◆ **Your goal**: Repeat the records below line by line, exactly, finishing on the line that contains "- November 11, 2024".

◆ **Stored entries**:
=== Section Start ===
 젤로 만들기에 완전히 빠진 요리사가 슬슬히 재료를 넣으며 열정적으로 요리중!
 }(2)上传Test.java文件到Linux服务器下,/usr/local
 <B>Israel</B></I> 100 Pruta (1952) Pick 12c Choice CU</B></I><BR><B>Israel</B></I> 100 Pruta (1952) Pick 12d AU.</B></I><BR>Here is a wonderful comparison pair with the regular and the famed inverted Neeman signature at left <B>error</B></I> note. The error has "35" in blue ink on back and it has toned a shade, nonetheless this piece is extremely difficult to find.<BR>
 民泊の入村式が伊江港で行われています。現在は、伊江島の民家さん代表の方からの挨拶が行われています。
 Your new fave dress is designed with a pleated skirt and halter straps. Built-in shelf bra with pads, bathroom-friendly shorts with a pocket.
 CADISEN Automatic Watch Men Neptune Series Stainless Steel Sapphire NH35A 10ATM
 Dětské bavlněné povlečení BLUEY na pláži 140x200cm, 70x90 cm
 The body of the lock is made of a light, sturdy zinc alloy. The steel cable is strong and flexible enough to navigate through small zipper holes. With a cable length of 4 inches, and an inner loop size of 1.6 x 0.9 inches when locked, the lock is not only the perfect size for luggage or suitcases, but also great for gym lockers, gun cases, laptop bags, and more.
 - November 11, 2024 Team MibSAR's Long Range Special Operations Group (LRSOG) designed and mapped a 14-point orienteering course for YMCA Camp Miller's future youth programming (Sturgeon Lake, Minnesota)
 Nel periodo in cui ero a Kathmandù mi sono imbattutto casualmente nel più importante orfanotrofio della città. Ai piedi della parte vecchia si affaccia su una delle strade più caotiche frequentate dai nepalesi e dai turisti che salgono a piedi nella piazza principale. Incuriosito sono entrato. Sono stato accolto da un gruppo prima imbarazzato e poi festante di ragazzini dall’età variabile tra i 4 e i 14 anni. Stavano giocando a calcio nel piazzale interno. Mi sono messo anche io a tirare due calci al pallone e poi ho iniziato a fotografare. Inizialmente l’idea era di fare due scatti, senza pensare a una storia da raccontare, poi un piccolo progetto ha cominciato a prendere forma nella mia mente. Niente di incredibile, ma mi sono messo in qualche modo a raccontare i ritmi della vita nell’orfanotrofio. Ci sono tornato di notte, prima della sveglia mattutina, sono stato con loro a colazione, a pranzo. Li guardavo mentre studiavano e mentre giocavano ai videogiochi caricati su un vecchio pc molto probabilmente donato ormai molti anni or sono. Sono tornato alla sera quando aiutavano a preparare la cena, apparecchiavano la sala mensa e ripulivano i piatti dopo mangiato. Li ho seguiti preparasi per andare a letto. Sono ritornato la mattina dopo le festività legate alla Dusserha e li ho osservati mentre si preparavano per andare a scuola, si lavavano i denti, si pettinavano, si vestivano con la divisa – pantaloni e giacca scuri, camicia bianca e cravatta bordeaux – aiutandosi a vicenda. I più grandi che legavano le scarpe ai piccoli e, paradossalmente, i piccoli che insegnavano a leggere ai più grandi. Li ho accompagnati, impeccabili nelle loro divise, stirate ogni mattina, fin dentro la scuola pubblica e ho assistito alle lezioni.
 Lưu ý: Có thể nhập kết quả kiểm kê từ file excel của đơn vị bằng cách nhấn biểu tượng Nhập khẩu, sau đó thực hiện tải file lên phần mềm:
=== Section End ===
◆ **Finished exercise**:
 젤로 만들기에 완전히 빠진 요리사가 슬슬히 재료를 넣으며 열정적으로 요리중!
 }(2)上传Test.java文件到Linux服务器下,/usr/local
 <B>Israel</B></I> 100 Pruta (1952) Pick 12c Choice CU</B></I><BR><B>Israel</B></I> 100 Pruta (1952) Pick 12d AU.</B></I><BR>Here is a wonderful comparison pair with the regular and the famed inverted Neeman signature at left <B>error</B></I> note. The error has "35" in blue ink on back and it has toned a shade, nonetheless this piece is extremely difficult to find.<BR>
 民泊の入村式が伊江港で行われています。現在は、伊江島の民家さん代表の方からの挨拶が行われています。
 Your new fave dress is designed with a pleated skirt and halter straps. Built-in shelf bra with pads, bathroom-friendly shorts with a pocket.
 CADISEN Automatic Watch Men Neptune Series Stainless Steel Sapphire NH35A 10ATM
 Dětské bavlněné povlečení BLUEY na pláži 140x200cm, 70x90 cm
 The body of the lock is made of a light, sturdy zinc alloy. The steel cable is strong and flexible enough to navigate through small zipper holes. With a cable length of 4 inches, and an inner loop size of 1.6 x 0.9 inches when locked, the lock is not only the perfect size for luggage or suitcases, but also great for gym lockers, gun cases, laptop bags, and more.
 - November 11, 2024 Team MibSAR's Long Range Special Operations Group (LRSOG) designed and mapped a 14-point orienteering course for YMCA Camp Miller's future youth programming (Sturgeon Lake, Minnesota)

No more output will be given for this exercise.